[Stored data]
-=-=-=-=-
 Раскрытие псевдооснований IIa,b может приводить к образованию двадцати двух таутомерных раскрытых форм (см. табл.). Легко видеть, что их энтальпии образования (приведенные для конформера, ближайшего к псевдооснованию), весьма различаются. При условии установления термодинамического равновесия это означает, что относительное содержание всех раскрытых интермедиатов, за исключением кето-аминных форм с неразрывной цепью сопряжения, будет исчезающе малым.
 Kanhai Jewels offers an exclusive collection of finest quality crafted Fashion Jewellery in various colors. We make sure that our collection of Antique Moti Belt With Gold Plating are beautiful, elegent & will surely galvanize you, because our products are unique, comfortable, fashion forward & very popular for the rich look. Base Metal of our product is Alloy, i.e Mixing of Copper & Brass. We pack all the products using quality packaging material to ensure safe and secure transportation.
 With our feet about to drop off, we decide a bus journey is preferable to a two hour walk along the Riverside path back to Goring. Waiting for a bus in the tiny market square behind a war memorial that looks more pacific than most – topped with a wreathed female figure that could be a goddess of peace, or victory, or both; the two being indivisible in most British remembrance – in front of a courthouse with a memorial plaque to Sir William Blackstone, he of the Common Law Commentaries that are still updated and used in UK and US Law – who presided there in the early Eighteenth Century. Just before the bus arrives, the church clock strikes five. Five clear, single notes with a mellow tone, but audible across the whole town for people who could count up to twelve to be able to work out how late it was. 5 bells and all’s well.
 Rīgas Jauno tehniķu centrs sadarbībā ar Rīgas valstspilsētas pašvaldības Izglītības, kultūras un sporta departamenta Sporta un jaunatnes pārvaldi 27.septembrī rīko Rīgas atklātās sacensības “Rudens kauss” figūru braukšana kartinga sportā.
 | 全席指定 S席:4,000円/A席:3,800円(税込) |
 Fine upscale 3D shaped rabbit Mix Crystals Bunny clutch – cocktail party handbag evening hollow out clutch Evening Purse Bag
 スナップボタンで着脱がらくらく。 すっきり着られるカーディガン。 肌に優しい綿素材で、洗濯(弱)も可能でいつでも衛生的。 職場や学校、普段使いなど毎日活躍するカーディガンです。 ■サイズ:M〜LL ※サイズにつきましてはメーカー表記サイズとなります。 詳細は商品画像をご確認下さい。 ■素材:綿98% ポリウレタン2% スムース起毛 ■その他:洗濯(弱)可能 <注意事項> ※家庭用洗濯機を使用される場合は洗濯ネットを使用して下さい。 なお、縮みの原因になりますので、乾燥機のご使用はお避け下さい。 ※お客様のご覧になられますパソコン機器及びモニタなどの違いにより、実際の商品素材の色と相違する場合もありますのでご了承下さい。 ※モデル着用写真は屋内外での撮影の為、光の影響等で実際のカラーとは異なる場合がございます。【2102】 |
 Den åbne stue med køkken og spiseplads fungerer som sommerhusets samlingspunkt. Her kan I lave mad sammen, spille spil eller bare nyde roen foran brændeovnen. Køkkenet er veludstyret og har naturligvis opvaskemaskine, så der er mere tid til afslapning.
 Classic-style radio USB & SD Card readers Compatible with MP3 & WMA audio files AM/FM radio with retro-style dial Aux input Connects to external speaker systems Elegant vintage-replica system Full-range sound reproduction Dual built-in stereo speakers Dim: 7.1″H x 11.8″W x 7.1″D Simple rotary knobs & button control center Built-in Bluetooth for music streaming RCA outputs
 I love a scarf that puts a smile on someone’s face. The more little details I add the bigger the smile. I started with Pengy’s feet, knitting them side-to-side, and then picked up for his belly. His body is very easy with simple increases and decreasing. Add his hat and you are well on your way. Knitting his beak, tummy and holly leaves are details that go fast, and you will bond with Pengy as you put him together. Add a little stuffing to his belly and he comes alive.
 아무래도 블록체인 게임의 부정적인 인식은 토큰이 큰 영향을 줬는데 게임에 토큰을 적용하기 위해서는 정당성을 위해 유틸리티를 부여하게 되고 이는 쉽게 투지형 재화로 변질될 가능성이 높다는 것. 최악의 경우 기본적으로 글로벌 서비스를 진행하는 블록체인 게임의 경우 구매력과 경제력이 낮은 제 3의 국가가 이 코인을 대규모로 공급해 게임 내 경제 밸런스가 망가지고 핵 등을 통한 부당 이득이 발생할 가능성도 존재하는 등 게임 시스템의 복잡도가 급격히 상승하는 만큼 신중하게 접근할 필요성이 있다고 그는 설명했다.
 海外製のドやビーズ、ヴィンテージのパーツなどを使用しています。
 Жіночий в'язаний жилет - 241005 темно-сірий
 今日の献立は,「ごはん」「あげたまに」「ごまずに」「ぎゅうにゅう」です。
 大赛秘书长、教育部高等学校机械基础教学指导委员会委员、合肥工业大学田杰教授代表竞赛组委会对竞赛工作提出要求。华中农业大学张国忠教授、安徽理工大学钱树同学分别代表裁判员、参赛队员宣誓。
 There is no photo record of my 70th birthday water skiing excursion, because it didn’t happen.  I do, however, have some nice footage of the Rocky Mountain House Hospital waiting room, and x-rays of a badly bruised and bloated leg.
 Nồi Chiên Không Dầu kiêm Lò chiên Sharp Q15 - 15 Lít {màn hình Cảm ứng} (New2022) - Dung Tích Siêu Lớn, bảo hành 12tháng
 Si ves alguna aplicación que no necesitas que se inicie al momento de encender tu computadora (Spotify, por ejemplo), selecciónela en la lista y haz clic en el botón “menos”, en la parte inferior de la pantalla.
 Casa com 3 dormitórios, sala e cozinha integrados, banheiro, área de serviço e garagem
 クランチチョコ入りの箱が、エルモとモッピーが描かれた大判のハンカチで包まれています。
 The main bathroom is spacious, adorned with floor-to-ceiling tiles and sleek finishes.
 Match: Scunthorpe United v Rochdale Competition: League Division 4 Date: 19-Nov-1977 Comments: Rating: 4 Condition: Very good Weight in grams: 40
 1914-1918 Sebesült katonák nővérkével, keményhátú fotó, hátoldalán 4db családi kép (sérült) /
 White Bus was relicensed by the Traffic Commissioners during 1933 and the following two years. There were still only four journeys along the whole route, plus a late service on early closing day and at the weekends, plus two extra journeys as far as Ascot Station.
-=-=-=-=-
**Problem to solve:**
Repeat every record exactly as written, please.

**Problem solution:**
 Раскрытие псевдооснований IIa,b может приводить к образованию двадцати двух таутомерных раскрытых форм (см. табл.). Легко видеть, что их энтальпии образования (приведенные для конформера, ближайшего к псевдооснованию), весьма различаются. При условии установления термодинамического равновесия это означает, что относительное содержание всех раскрытых интермедиатов, за исключением кето-аминных форм с неразрывной цепью сопряжения, будет исчезающе малым.
 Kanhai Jewels offers an exclusive collection of finest quality crafted Fashion Jewellery in various colors. We make sure that our collection of Antique Moti Belt With Gold Plating are beautiful, elegent & will surely galvanize you, because our products are unique, comfortable, fashion forward & very popular for the rich look. Base Metal of our product is Alloy, i.e Mixing of Copper & Brass. We pack all the products using quality packaging material to ensure safe and secure transportation.
 With our feet about to drop off, we decide a bus journey is preferable to a two hour walk along the Riverside path back to Goring. Waiting for a bus in the tiny market square behind a war memorial that looks more pacific than most – topped with a wreathed female figure that could be a goddess of peace, or victory, or both; the two being indivisible in most British remembrance – in front of a courthouse with a memorial plaque to Sir William Blackstone, he of the Common Law Commentaries that are still updated and used in UK and US Law – who presided there in the early Eighteenth Century. Just before the bus arrives, the church clock strikes five. Five clear, single notes with a mellow tone, but audible across the whole town for people who could count up to twelve to be able to work out how late it was. 5 bells and all’s well.
 Rīgas Jauno tehniķu centrs sadarbībā ar Rīgas valstspilsētas pašvaldības Izglītības, kultūras un sporta departamenta Sporta un jaunatnes pārvaldi 27.septembrī rīko Rīgas atklātās sacensības “Rudens kauss” figūru braukšana kartinga sportā.
 | 全席指定 S席:4,000円/A席:3,800円(税込) |
 Fine upscale 3D shaped rabbit Mix Crystals Bunny clutch – cocktail party handbag evening hollow out clutch Evening Purse Bag
 スナップボタンで着脱がらくらく。 すっきり着られるカーディガン。 肌に優しい綿素材で、洗濯(弱)も可能でいつでも衛生的。 職場や学校、普段使いなど毎日活躍するカーディガンです。 ■サイズ:M〜LL ※サイズにつきましてはメーカー表記サイズとなります。 詳細は商品画像をご確認下さい。 ■素材:綿98% ポリウレタン2% スムース起毛 ■その他:洗濯(弱)可能 <注意事項> ※家庭用洗濯機を使用される場合は洗濯ネットを使用して下さい。 なお、縮みの原因になりますので、乾燥機のご使用はお避け下さい。 ※お客様のご覧になられますパソコン機器及びモニタなどの違いにより、実際の商品素材の色と相違する場合もありますのでご了承下さい。 ※モデル着用写真は屋内外での撮影の為、光の影響等で実際のカラーとは異なる場合がございます。【2102】 |
 Den åbne stue med køkken og spiseplads fungerer som sommerhusets samlingspunkt. Her kan I lave mad sammen, spille spil eller bare nyde roen foran brændeovnen. Køkkenet er veludstyret og har naturligvis opvaskemaskine, så der er mere tid til afslapning.
 Classic-style radio USB & SD Card readers Compatible with MP3 & WMA audio files AM/FM radio with retro-style dial Aux input Connects to external speaker systems Elegant vintage-replica system Full-range sound reproduction Dual built-in stereo speakers Dim: 7.1″H x 11.8″W x 7.1″D Simple rotary knobs & button control center Built-in Bluetooth for music streaming RCA outputs
 I love a scarf that puts a smile on someone’s face. The more little details I add the bigger the smile. I started with Pengy’s feet, knitting them side-to-side, and then picked up for his belly. His body is very easy with simple increases and decreasing. Add his hat and you are well on your way. Knitting his beak, tummy and holly leaves are details that go fast, and you will bond with Pengy as you put him together. Add a little stuffing to his belly and he comes alive.
 아무래도 블록체인 게임의 부정적인 인식은 토큰이 큰 영향을 줬는데 게임에 토큰을 적용하기 위해서는 정당성을 위해 유틸리티를 부여하게 되고 이는 쉽게 투지형 재화로 변질될 가능성이 높다는 것. 최악의 경우 기본적으로 글로벌 서비스를 진행하는 블록체인 게임의 경우 구매력과 경제력이 낮은 제 3의 국가가 이 코인을 대규모로 공급해 게임 내 경제 밸런스가 망가지고 핵 등을 통한 부당 이득이 발생할 가능성도 존재하는 등 게임 시스템의 복잡도가 급격히 상승하는 만큼 신중하게 접근할 필요성이 있다고 그는 설명했다.
 海外製のドやビーズ、ヴィンテージのパーツなどを使用しています。
 Жіночий в'язаний жилет - 241005 темно-сірий
 今日の献立は,「ごはん」「あげたまに」「ごまずに」「ぎゅうにゅう」です。
 大赛秘书长、教育部高等学校机械基础教学指导委员会委员、合肥工业大学田杰教授代表竞赛组委会对竞赛工作提出要求。华中农业大学张国忠教授、安徽理工大学钱树同学分别代表裁判员、参赛队员宣誓。
 There is no photo record of my 70th birthday water skiing excursion, because it didn’t happen.  I do, however, have some nice footage of the Rocky Mountain House Hospital waiting room, and x-rays of a badly bruised and bloated leg.
 Nồi Chiên Không Dầu kiêm Lò chiên Sharp Q15 - 15 Lít {màn hình Cảm ứng} (New2022) - Dung Tích Siêu Lớn, bảo hành 12tháng
 Si ves alguna aplicación que no necesitas que se inicie al momento de encender tu computadora (Spotify, por ejemplo), selecciónela en la lista y haz clic en el botón “menos”, en la parte inferior de la pantalla.
 Casa com 3 dormitórios, sala e cozinha integrados, banheiro, área de serviço e garagem
 クランチチョコ入りの箱が、エルモとモッピーが描かれた大判のハンカチで包まれています。
 The main bathroom is spacious, adorned with floor-to-ceiling tiles and sleek finishes.
 Match: Scunthorpe United v Rochdale Competition: League Division 4 Date: 19-Nov-1977 Comments: Rating: 4 Condition: Very good Weight in grams: 40
 1914-1918 Sebesült katonák nővérkével, keményhátú fotó, hátoldalán 4db családi kép (sérült) /
 White Bus was relicensed by the Traffic Commissioners during 1933 and the following two years. There were still only four journeys along the whole route, plus a late service on early closing day and at the weekends, plus two extra journeys as far as Ascot Station.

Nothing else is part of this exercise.